Assignment -> Word for word, copy the entire listing below, but do not carry over any pictures.

Dataset section ->
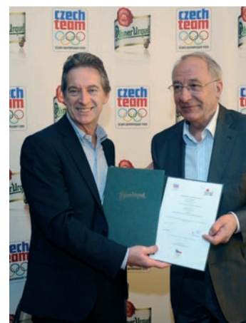
Podpis sponzorské smlouvy s Českým olympijským týmem

V marketingových kampaních určitě budeme využívat naši pozici generálního partnera Českého olympijského týmu. Budeme pokračovat v prezentaci pravého ducha českého olympismu – jako tomu bylo minulý rok s Emilem Zátopkem. Pro spotřebitele připravujeme řadu zajímavých aktivit.
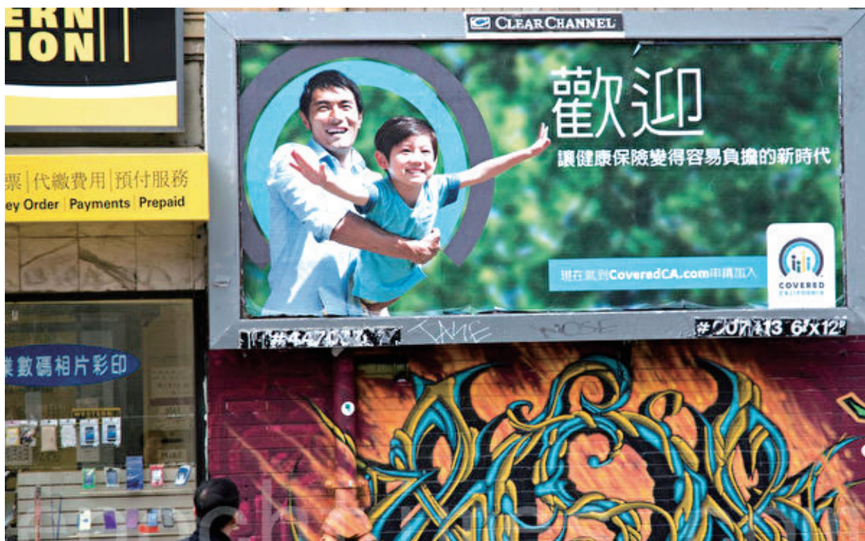
加州全保的廣告牌。

彼得·李也建議民眾在截止日前儘早申請，為個人和家人選擇可負擔的健康保險。如果民眾希望自身的保險從明年 1 月 1 日開始生效，

Answer to the exercise ->
Podpis sponzorské smlouvy s Českým olympijským týmem

V marketingových kampaních určitě budeme využívat naši pozici generálního partnera Českého olympijského týmu. Budeme pokračovat v prezentaci pravého ducha českého olympismu – jako tomu bylo minulý rok s Emilem Zátopkem. Pro spotřebitele připravujeme řadu zajímavých aktivit.
加州全保的廣告牌。

彼得·李也建議民眾在截止日前儘早申請，為個人和家人選擇可負擔的健康保險。如果民眾希望自身的保險從明年 1 月 1 日開始生效，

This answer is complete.